FRANK J. O'BRIEN, IV
v.
CITY OF PHILADELPHIA, PHILADELPHIA POLICE DEPARTMENT, MAYOR W. WILSON GOODE, POLICE COMMISSIONER WILLIE WILLIAMS, INSPECTOR WILLIAM BERGMAN, JOHN STRAUB, ESQUIRE, INSPECTOR SYLVESTER JOHNSON, LIEUTENANT RONALD GREEN and LIEUTENANT MARK DORSEY



The opinion of the court was delivered by: BY THE COURT; J. CURTIS JOYNER

 JOYNER, J.

 November 22, 1993

 This civil action has been brought before the Court upon the defendants' motion for summary judgment or, in the alternative, for the entry of a default judgment against the plaintiff, Frank O'Brien, IV. In accordance with the rationale set forth in the paragraphs which follow, the motion for summary judgment is granted.

 I. STATEMENT OF THE CASE

 The relevant facts underlying this case, as presented in the parties pleadings, may be succinctly summarized. In March, 1990, the plaintiff, who was then and still is employed as a police officer for the Southeastern Pennsylvania Transportation Authority ("SEPTA"), applied for a police officer's position with the defendant Philadelphia Police Department. In furtherance of that application, Mr. O'Brien took and, according to the allegations contained in the complaint, passed all of the necessary medical, polygraph, written and oral psychological tests. However, on June 15, 1990, Mr. O'Brien received notice from the Philadelphia Police Department's Headquarters Investigation Unit that it was recommending that the Police Commissioner reject plaintiff's application because of criminal conduct. The plaintiff appealed this decision to a police department review board and thereafter learned that the recommended rejection was based in part on an allegation by his mother-in-law that he had assaulted her and on the fact that his estranged wife had obtained a Protection from Abuse Order against him. The appeal board subsequently recommended that Plaintiff be placed back into the hiring process and this recommendation was approved by the Police Commissioner.

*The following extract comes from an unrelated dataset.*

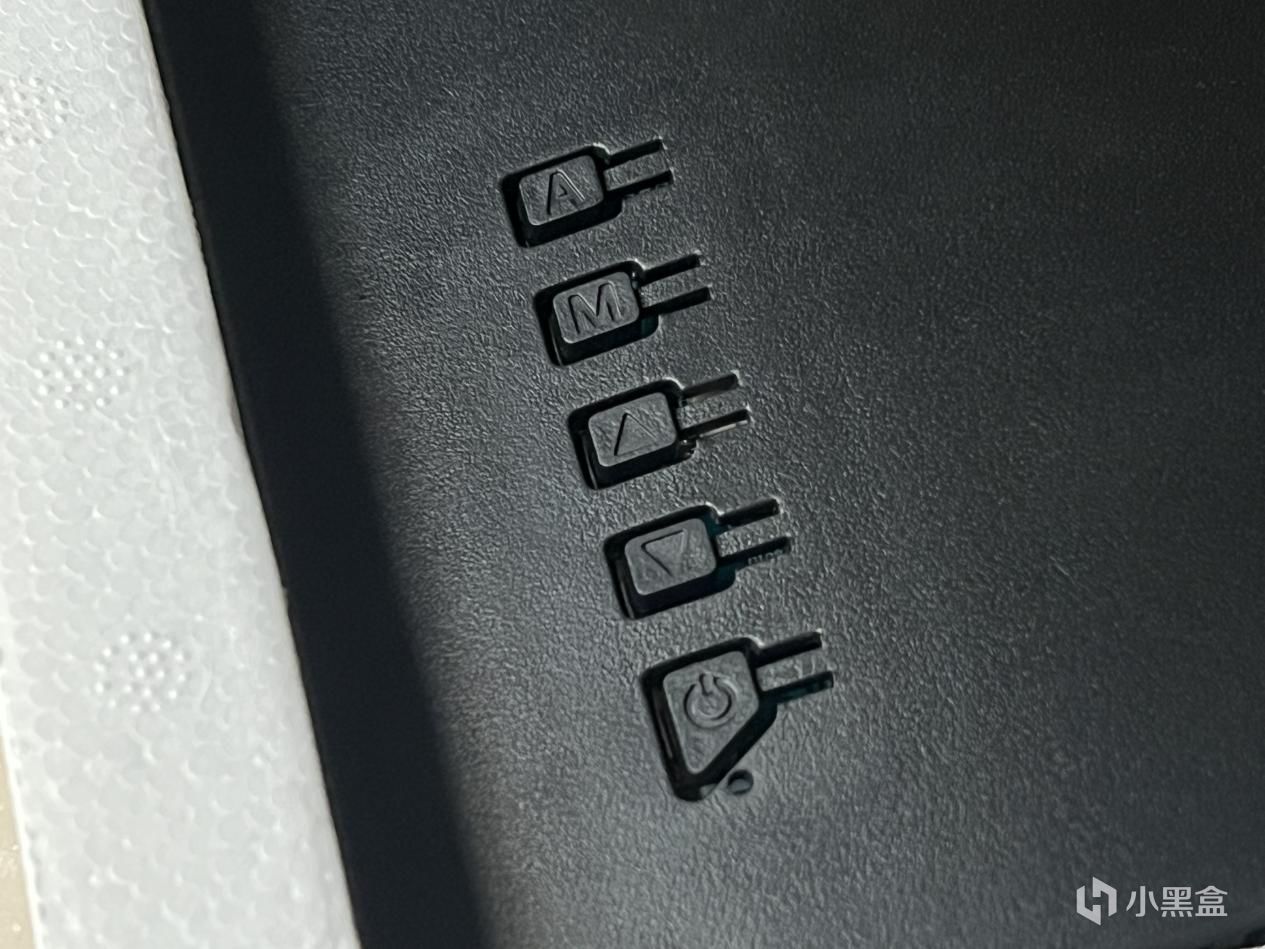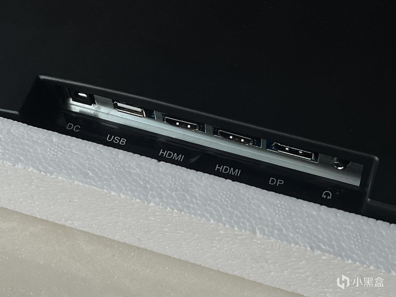 屏幕背面设置了五个按键,用来调整刚才说过的显示器参数,接口方面一个电源接口、一个USB接口、两个HDMI 2.0、一个DP1.4和一个音频接口。
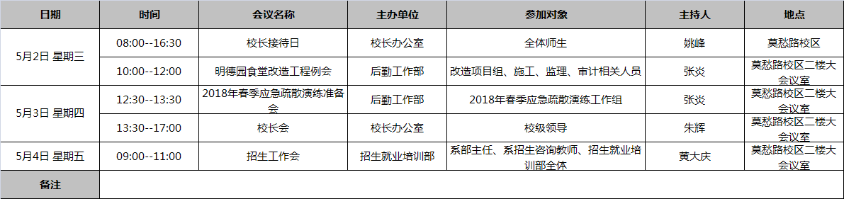 17-18学年第二学期第十周工作安排

 In October, 1990, Mr. O'Brien was again given polygraph and medical examinations which he passed a second time. In April, 1991, he then appeared before the Department's Applicant Acceptance Committee to explain the allegations of his mother-in-law and estranged wife and to explain the circumstances surrounding the then-recent filing of a civil lawsuit charging him and another SEPTA police officer with the use of excessive force against an individual using the SEPTA transportation system. On August 19, 1991, plaintiff took and passed another psychological examination. Nevertheless, on August 27, 1991, Mr. O'Brien was notifed that his application for employment as a Philadelphia police officer had been finally rejected on the basis of criminal conduct.

 In November, 1992, the plaintiff, acting pro se, commenced this lawsuit against the above-captioned defendants alleging that they violated his civil and constitutional rights in discriminating against and refusing to hire him on the basis of his race and national origin thereby causing him to suffer emotional distress. Although the amended complaint is somewhat unclear, it appears that the plaintiff has endeavored to state disparate impact and disparate treatment claims for relief under Title VII and/or Section 1981 of the Civil Rights Act and under the Fourteenth Amendment to the U.S. Constitution.

 II. DISCUSSION

 1. Legal Standards Applicable to Summary Judgment Motions.

 The prevailing principles to be applied by the district courts in ruling upon motions for summary judgment are codified in Fed.R.Civ.P. 56(c):

 . . . The judgment sought shall be rendered forthwith

 if the pleadings, depositions, answers to interrogatories,

 and admissions on file, together with the affidavits, if

 any, show that there is no genuine issue as to any

 material fact and that the moving party is entitled

 to a judgment as a matter of law. A summary judgment,

 interlocutory in character, may be rendered on the

 issue of liability alone although there is a genuine

 issue as to the amount of damages.

 Pursuant to this rule, the district courts must look beyond the bare allegations of the pleadings to determine if they have sufficient factual support to warrant their consideration at trial. Liberty Lobby, Inc. v. Dow Jones & Co., 267 U.S. App. D.C. 337, 838 F.2d 1287 (D.C.Cir. 1988), cert. denied, 488 U.S. 825, 109 S. Ct. 75, 102 L. Ed. 2d 51 (1988).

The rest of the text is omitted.